- [What is expected] Transcribe each record precisely; images stay out.

Content starts

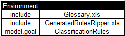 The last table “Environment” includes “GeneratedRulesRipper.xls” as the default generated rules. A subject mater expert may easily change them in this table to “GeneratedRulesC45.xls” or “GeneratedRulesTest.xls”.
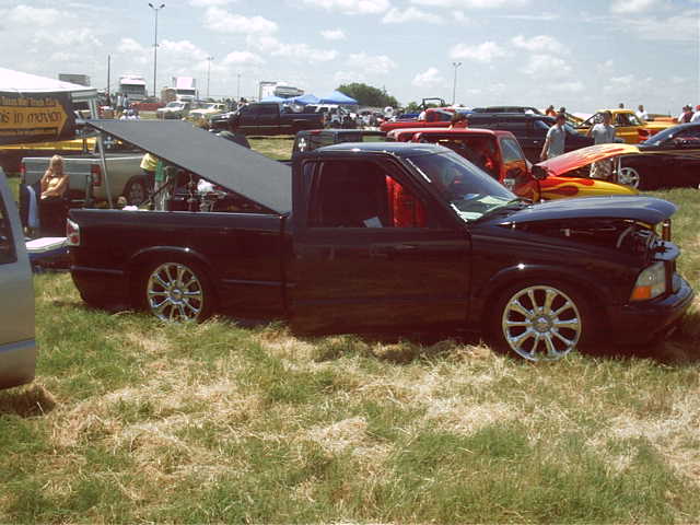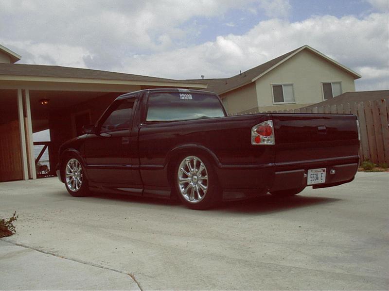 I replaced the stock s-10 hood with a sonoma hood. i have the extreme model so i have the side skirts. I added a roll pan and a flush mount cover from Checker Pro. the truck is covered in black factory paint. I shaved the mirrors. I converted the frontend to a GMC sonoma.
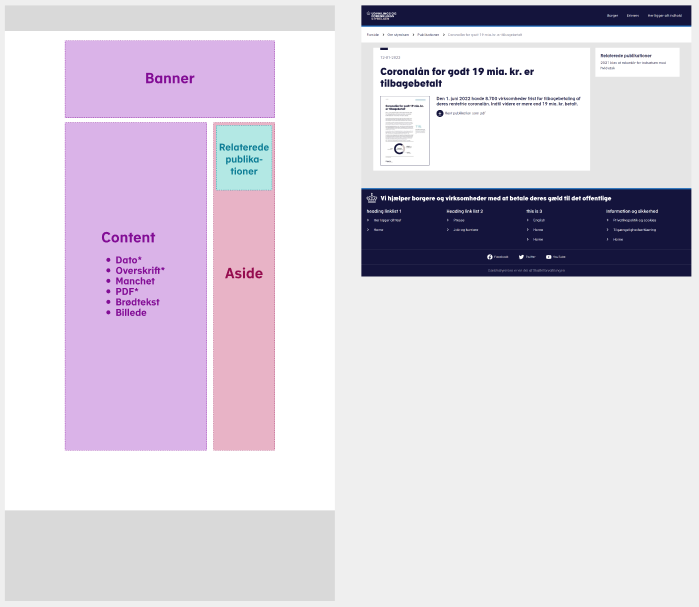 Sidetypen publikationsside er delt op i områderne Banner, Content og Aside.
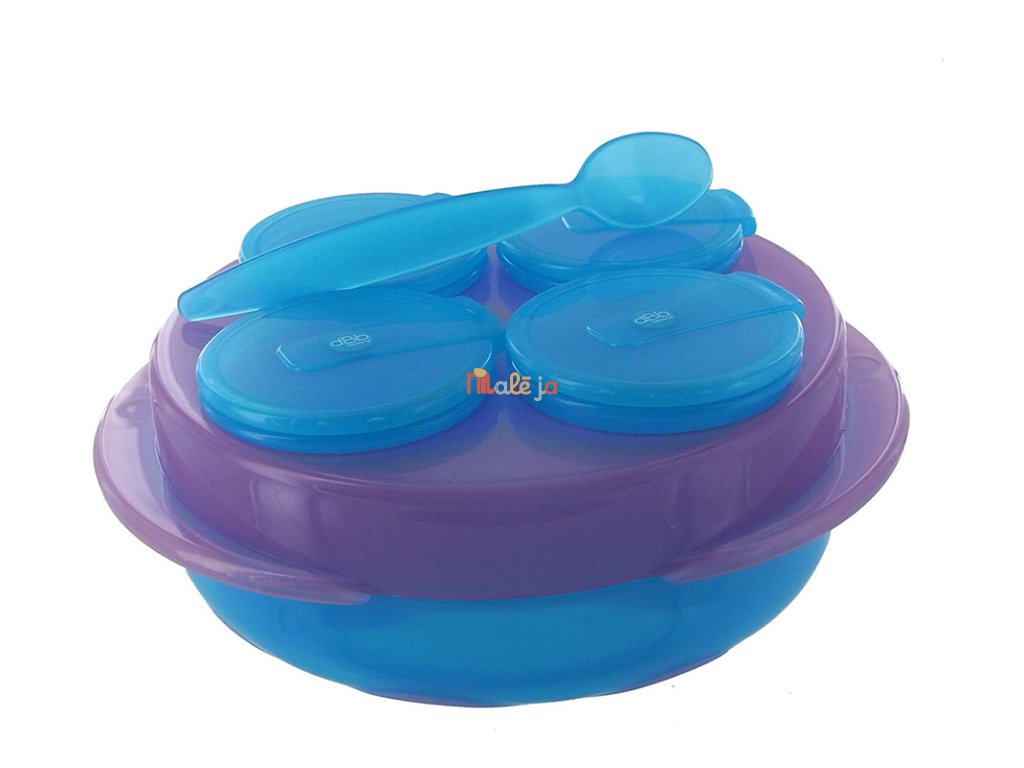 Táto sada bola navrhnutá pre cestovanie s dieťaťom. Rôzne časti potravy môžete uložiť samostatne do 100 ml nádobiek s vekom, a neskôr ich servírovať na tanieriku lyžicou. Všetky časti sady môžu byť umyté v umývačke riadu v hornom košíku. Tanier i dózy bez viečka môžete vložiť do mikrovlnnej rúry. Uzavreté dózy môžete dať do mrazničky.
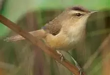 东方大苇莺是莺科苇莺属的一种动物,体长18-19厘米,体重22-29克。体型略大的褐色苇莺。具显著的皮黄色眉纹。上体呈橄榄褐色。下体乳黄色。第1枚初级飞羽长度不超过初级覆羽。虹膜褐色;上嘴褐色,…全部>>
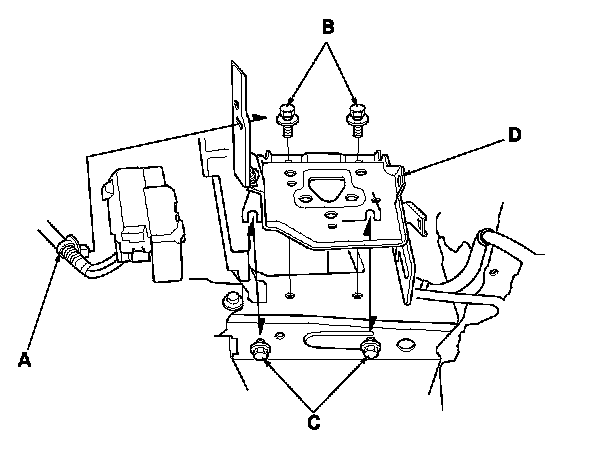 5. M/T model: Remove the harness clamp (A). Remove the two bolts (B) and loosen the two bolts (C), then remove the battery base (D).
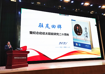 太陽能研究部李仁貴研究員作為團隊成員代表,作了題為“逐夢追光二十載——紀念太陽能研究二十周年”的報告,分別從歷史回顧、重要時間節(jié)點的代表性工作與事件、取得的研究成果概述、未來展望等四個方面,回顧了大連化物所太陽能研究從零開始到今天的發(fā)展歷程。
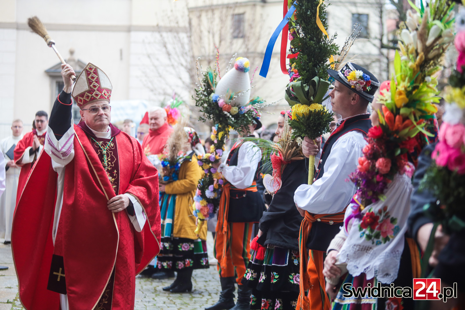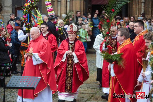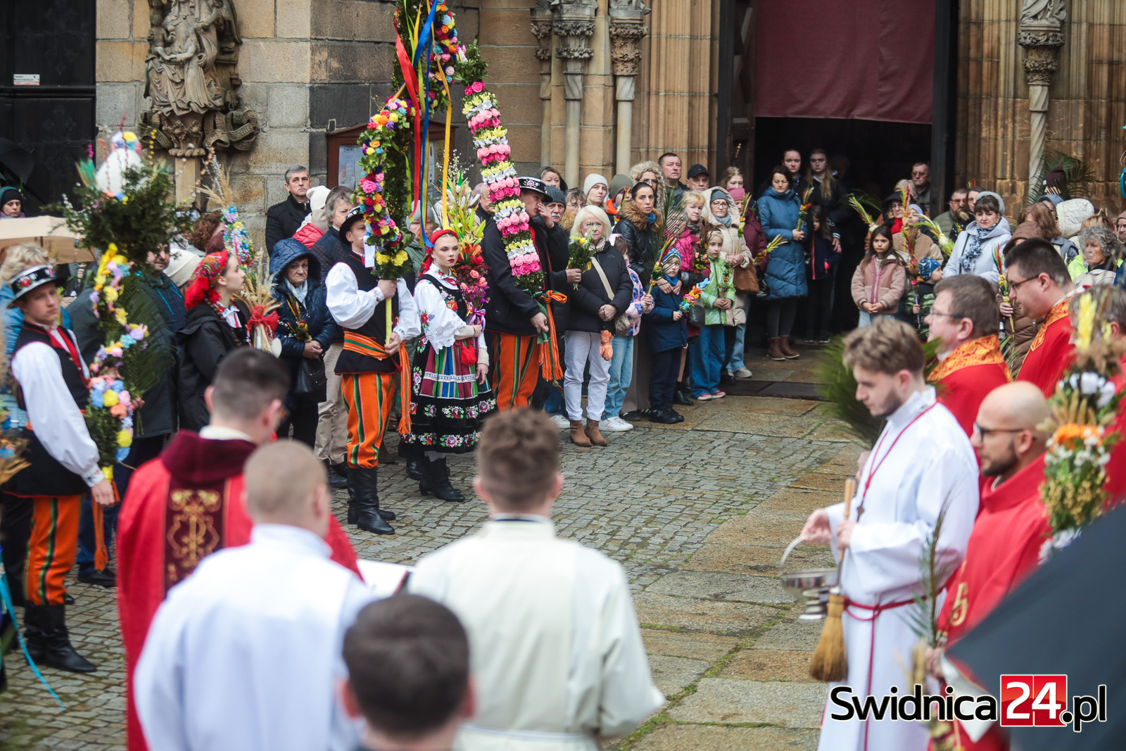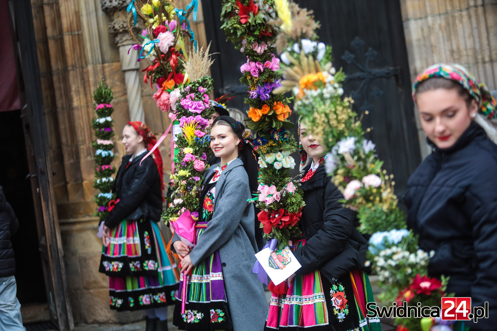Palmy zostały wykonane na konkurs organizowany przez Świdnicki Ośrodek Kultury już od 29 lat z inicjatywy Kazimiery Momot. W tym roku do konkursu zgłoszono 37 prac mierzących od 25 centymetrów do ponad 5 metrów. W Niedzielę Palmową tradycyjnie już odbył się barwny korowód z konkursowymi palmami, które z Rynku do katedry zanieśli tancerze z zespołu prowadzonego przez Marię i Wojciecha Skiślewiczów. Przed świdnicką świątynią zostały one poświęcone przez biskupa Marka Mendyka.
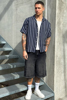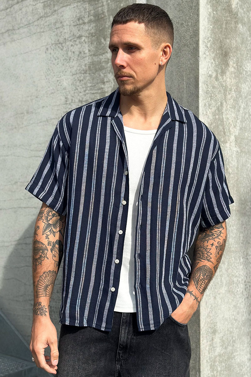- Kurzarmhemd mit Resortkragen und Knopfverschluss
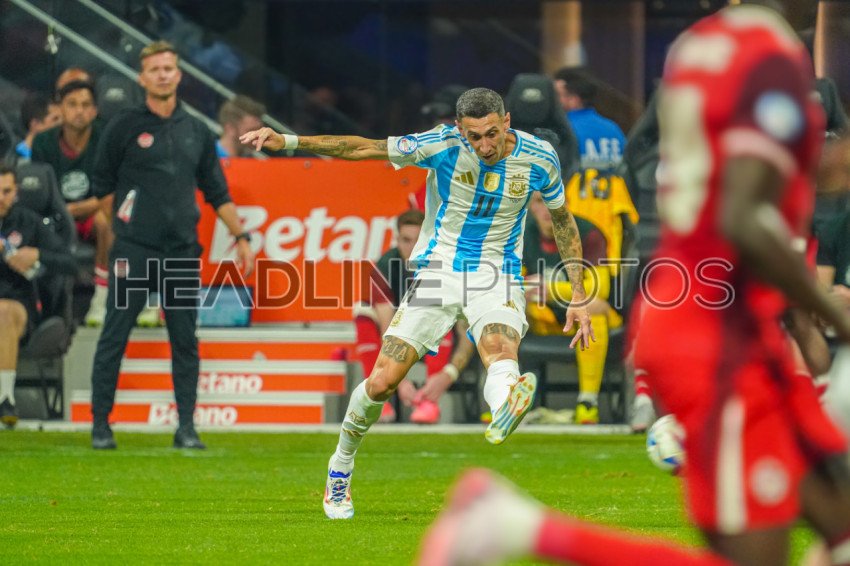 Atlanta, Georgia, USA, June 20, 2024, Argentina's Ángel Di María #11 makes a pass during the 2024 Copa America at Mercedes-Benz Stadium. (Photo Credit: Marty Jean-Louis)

Content ends

- [Exercise answer]
 The last table “Environment” includes “GeneratedRulesRipper.xls” as the default generated rules. A subject mater expert may easily change them in this table to “GeneratedRulesC45.xls” or “GeneratedRulesTest.xls”.
 I replaced the stock s-10 hood with a sonoma hood. i have the extreme model so i have the side skirts. I added a roll pan and a flush mount cover from Checker Pro. the truck is covered in black factory paint. I shaved the mirrors. I converted the frontend to a GMC sonoma.
 Sidetypen publikationsside er delt op i områderne Banner, Content og Aside.
 Táto sada bola navrhnutá pre cestovanie s dieťaťom. Rôzne časti potravy môžete uložiť samostatne do 100 ml nádobiek s vekom, a neskôr ich servírovať na tanieriku lyžicou. Všetky časti sady môžu byť umyté v umývačke riadu v hornom košíku. Tanier i dózy bez viečka môžete vložiť do mikrovlnnej rúry. Uzavreté dózy môžete dať do mrazničky.
 东方大苇莺是莺科苇莺属的一种动物,体长18-19厘米,体重22-29克。体型略大的褐色苇莺。具显著的皮黄色眉纹。上体呈橄榄褐色。下体乳黄色。第1枚初级飞羽长度不超过初级覆羽。虹膜褐色;上嘴褐色,…全部>>
 5. M/T model: Remove the harness clamp (A). Remove the two bolts (B) and loosen the two bolts (C), then remove the battery base (D).
 太陽能研究部李仁貴研究員作為團隊成員代表,作了題為“逐夢追光二十載——紀念太陽能研究二十周年”的報告,分別從歷史回顧、重要時間節(jié)點的代表性工作與事件、取得的研究成果概述、未來展望等四個方面,回顧了大連化物所太陽能研究從零開始到今天的發(fā)展歷程。
Palmy zostały wykonane na konkurs organizowany przez Świdnicki Ośrodek Kultury już od 29 lat z inicjatywy Kazimiery Momot. W tym roku do konkursu zgłoszono 37 prac mierzących od 25 centymetrów do ponad 5 metrów. W Niedzielę Palmową tradycyjnie już odbył się barwny korowód z konkursowymi palmami, które z Rynku do katedry zanieśli tancerze z zespołu prowadzonego przez Marię i Wojciecha Skiślewiczów. Przed świdnicką świątynią zostały one poświęcone przez biskupa Marka Mendyka.
- Kurzarmhemd mit Resortkragen und Knopfverschluss
 Atlanta, Georgia, USA, June 20, 2024, Argentina's Ángel Di María #11 makes a pass during the 2024 Copa America at Mercedes-Benz Stadium. (Photo Credit: Marty Jean-Louis)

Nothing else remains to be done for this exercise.